Our engineers have started rolling out some major optimizations to these code paths, which consolidate caching (reducing resource usage) and leverage known access patterns to ensure caches are "warmed" prior to being checked. Here's an example: the pull request view utilizes a diff behind the scenes to detect conflicts between the source and destination branches. By updating the UI to defer the request for these conflicts until after the diff has rendered—which ensures the diff is already cached when it's time to check for conflicts—our engineers were able to increase the cache hit rate for the conflicts API endpoint to nearly 100%, resulting in a huge drop in response times.
Rebuilding for the future
While I'm thrilled at all of the improvements our engineering teams have been able to make in just the past couple of weeks, I also know from experience that software does not maintain itself (no matter how hard I wish it did!), and that includes performance. Left unchecked, response times will trend upward over time, resource usage will climb, and both reliability and performance will naturally erode.
In order to preserve and build on our recent performance work, we will need to increase our investment in these areas. This investment will take the following 3 forms:
- In addition to the reliability SLOs our teams have been internally tracking for months now, I will work with each of our teams to formalize complementary performance SLOs so that we are holding ourselves accountable to maintaining high-performing services.
- We are already in the process of transitioning to a new ownership model where our engineering teams are empowered to look after a broad set of performance metrics and take appropriate action.

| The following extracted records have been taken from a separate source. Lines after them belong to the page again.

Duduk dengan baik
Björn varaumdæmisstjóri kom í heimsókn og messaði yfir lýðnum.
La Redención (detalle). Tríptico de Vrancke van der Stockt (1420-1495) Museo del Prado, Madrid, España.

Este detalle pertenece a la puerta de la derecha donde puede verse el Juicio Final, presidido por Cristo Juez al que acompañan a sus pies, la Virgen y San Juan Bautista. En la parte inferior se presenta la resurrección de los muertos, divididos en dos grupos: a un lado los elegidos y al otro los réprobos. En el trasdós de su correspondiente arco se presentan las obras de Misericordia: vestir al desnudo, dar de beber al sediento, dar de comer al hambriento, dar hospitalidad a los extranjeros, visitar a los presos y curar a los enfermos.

This should improve our rate of pursuing proactive measures as well as responding more efficiently to incidents like these in the future, when a system-wide infrastructure issue affects capabilities spanning services owned by multiple teams.
- Finally, we will be taking this opportunity to identify automation we can start building to provide guardrails and build a better defense against future performance bottlenecks. This will include both functional tests to detect common sources of performance regressions as well as programmatic circuit breakers to automate incident response and minimize our TTR (time to recover) wherever possible.

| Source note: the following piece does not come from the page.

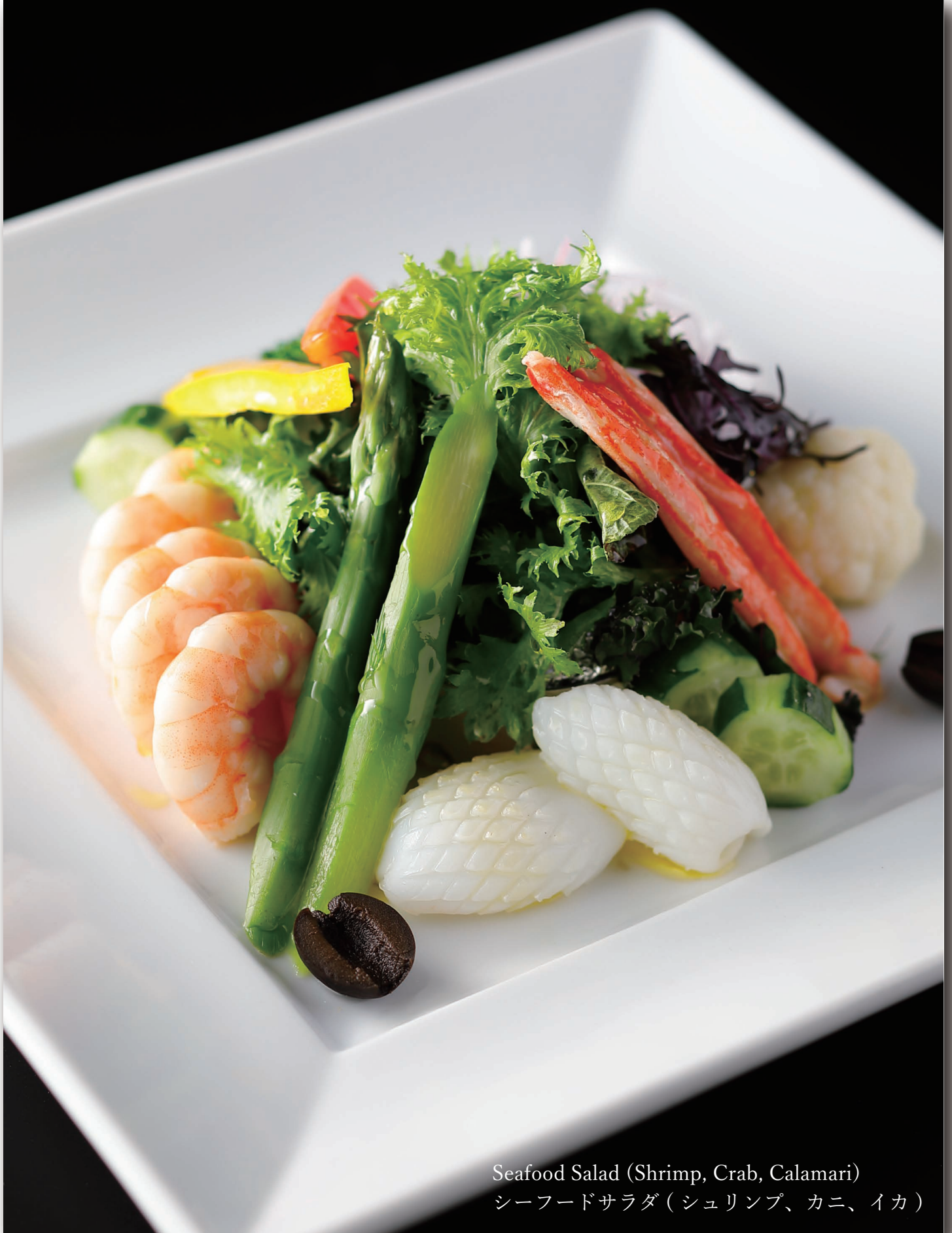
Seafood Salad (Shrimp, Crab, Calamari) シーフードサラダ (シュリンプ、カニ、イカ)

A commitment to transparency
Last but not least, I intend to continue keeping you informed of the challenges we face and the investments we are making to enhance Bitbucket's performance moving forward. We understand that you have placed your trust in Bitbucket Cloud, and we do not take that trust for granted. An increased focus on transparency is one of the key ways in which I believe we can deepen that trust, while providing an interesting and perhaps educational look at some of the engineering action going on behind the scenes every day to make Bitbucket Cloud the software collaboration and delivery platform of choice for millions of professional teams around the world.